→ What is needed
As an exercise, transcribe the data below in full and exactly, omitting pictures.

*** Opening The input ***

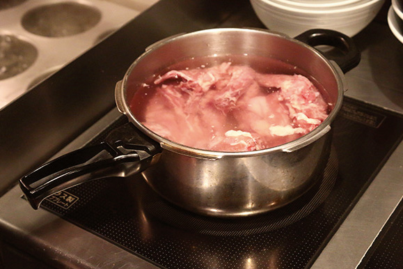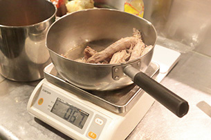 1 清湯で残ったガラを、重量の2倍の水から強火で炊く。
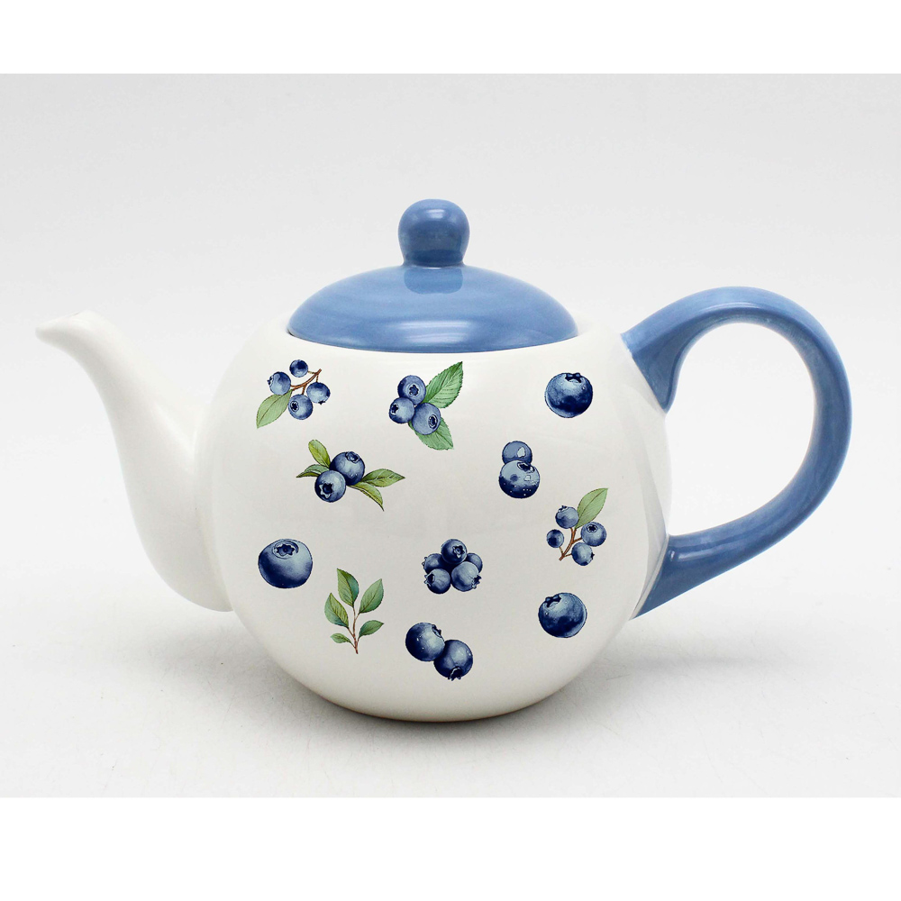 Чайник «Голубика» от тм MILLIMI объёмом 900 мл – это керамическая посуда для заваривания чая. Белый корпус декорирован принтом с ягодами голубики, а крышка и ручка выполнены в голубом цвете. Большая ручка комфортно ложится в руку и не нагревается, а правильная форма носика исключает попадание капель мимо чашки. Чайник подходит для ежедневного использования и станет украшением кухни. Керамика долго сохраняет температуру заваренного чая, не впитывает запахи и легко очищается от чайного налета.
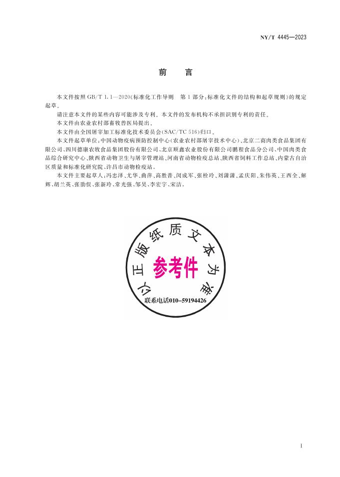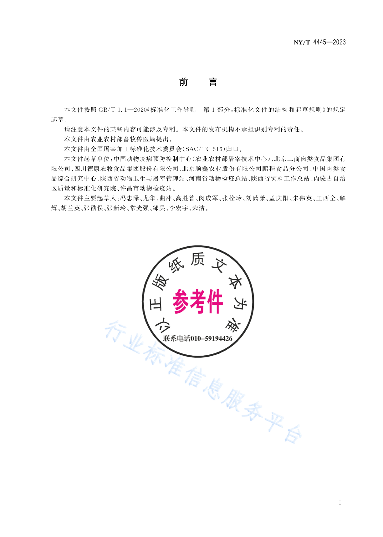 中国动物疫病预防控制中心(农业农村部屠宰技术中心)、北京二商肉类食品集团有限公司、四川德康农牧食品集团股份有限公司、北京顺鑫农业股份有限公司鹏程食品分公司、中国肉类食品综合研究中心、陕西省动物卫生与屠宰管理站、河南省动物检疫总站、陕西省饲料工作总站、内蒙古自治区质量和标准化研究院、许昌市动物检疫站
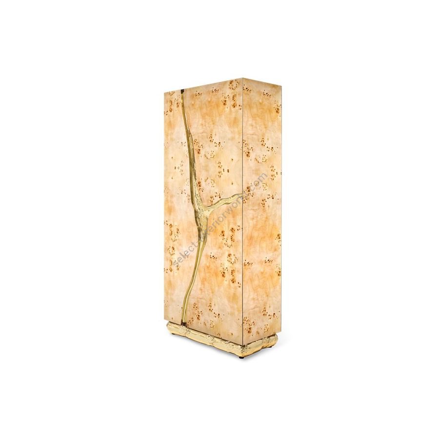 Coated exterior in poplar root veneer and gold finishes in hammered polished brass. Interior in Poplar Root & Polished Brass. Features 3 doors, 6 drawers, 6 glass shelves.
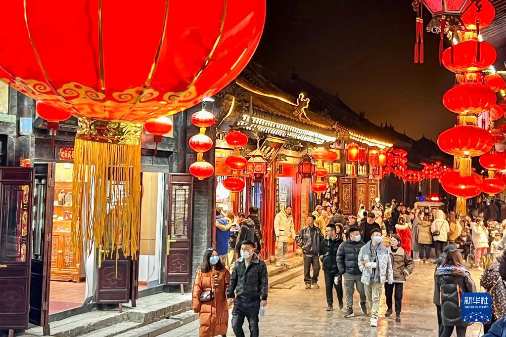 這是平遙古城內(nèi)明清街夜景(2022年2月7日攝)。新華社發(fā)(梁生仁攝)

*** Closing The input ***

→ Result for this task
 1 清湯で残ったガラを、重量の2倍の水から強火で炊く。
 Чайник «Голубика» от тм MILLIMI объёмом 900 мл – это керамическая посуда для заваривания чая. Белый корпус декорирован принтом с ягодами голубики, а крышка и ручка выполнены в голубом цвете. Большая ручка комфортно ложится в руку и не нагревается, а правильная форма носика исключает попадание капель мимо чашки. Чайник подходит для ежедневного использования и станет украшением кухни. Керамика долго сохраняет температуру заваренного чая, не впитывает запахи и легко очищается от чайного налета.
 中国动物疫病预防控制中心(农业农村部屠宰技术中心)、北京二商肉类食品集团有限公司、四川德康农牧食品集团股份有限公司、北京顺鑫农业股份有限公司鹏程食品分公司、中国肉类食品综合研究中心、陕西省动物卫生与屠宰管理站、河南省动物检疫总站、陕西省饲料工作总站、内蒙古自治区质量和标准化研究院、许昌市动物检疫站
 Coated exterior in poplar root veneer and gold finishes in hammered polished brass. Interior in Poplar Root & Polished Brass. Features 3 doors, 6 drawers, 6 glass shelves.
 這是平遙古城內(nèi)明清街夜景(2022年2月7日攝)。新華社發(fā)(梁生仁攝)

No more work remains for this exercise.